Pero aún iban a producirse dos sorpresivos golpes de timón que resultaron decisivos. En aquellas fechas, Francia había decidido reanudar sus pruebas nucleares en el atolón de Mururoa. La indignación y la ira ya sobrepasaban los archipiélagos vecinos y se extendían a muchos países del Pacífico. El Aliado aconsejó a los malagueños que les recordaran a los miembros de esos países quién seguía tirándoles la basura nuclear en el patio trasero de sus casas, y que vincularan esa agresión con la elección de la nueva sede de la asociación. Se trataba de un gesto hostil global y la reprobación debía ser global y abarcar todo lo abarcable. «¡Si Francia quería una sede, los países afectados no podían dársela!», les propuso el Aliado como argumento para justificar la canalladita. ¡Vaya si funcionó!

Para rematar lo que fue aquel sorprendente asalto a una fortaleza que parecía inexpugnable, el jefe de la delegación de Málaga TechPark, habiendo calculado que no estaban ya lejos de tener los votos necesarios para ganar, decidió jugarse el todo por el todo en una apuesta formidable. El delegado de Ámsterdam, un tal Lex, colosal holandés rubiasco y facundo, le había dicho, tras quedar eliminado de la competición, que anunciaría en la asamblea su voto por París, con lo que era previsible que lo hicieran también sus apoyos.
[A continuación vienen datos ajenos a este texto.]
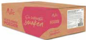
YOGHURT 13% PFLANZFETT KARTON 10 X 1 KILO 43750

Eso era aún más probable puesto que aquel Lex iba ser confirmado como nuevo presidente de la asociación en la misma asamblea que elegiría la nueva sede. «Presidente —le dijo el malagueño con su inglés inolvidable—, tengo controlados todos los votos, uno a uno, y puedo asegurarte que vamos a ganar, por eso tú no puedes apoyar públicamente una candidatura perdedora. Un presidente no puede empezar su mandato con una derrota. Sería una bofetada de la asamblea general en toda tu cara, y he venido a evitártela». Aquel Lex, mundano y listo, leyó bien la situación: si aquello era un farol, lo era por poco. Y le bastaron tres minutos para cambiar su decisión.

Dos horas después, el Aliado, que estaba encargado de anunciar los resultados de la votación ante todos los delegados, confirmó la espectacular remontada. And the winner is Málaga.

Yo vi salir a la gente del gran salón de actos con la satisfacción del deber cumplido, y vi a los delegados franceses, en la muda compañía del chino Wu, perderse lentamente por los largos pasillos, como aquellos dioses de su compatriota Théodore de Banville

«Caminan esos dioses, caminan en silencio,

marchan hacia el exilio, el olvido y la noche,

resignados, terribles, más pálidos que el mármol».

Vi salir también a los otros derrotados».

El desventurado portugués me pareció un cantante de fado despechado, musitando agravios y algo de la discriminação dos pequenos pelos grandes. El barcelonés seguía desorientado y enfrascado en una duda como la de Josep Pla en Nueva York: «Pero ¿todo esto quién lo paga?». Los de Sídney, por su parte, andaban amoscados con el argumento del Aliado, que se comentaba  mucho en los pasillos: «La tiranía de la distancia puede haberse acabado, but we are always fucking far away!». (El holandés no tenía tiempo de laméntelas porque estaba cerrando varios ventajosos contratos).

Lo impensable se había consumado y los dos malagueños (de adopción, pues uno era de Soria, y el otro, de Murcia) no daban crédito a su victoria. Pero no fue un espejismo y Málaga es, desde entonces, el centro coordinador de una red que ya tiene miembros y actividades en setenta y tres países. Casi cuatrocientos miembros y más de ciento veinte mil empresas tecnológicas e innovadoras.

Todo empezó en Pekín.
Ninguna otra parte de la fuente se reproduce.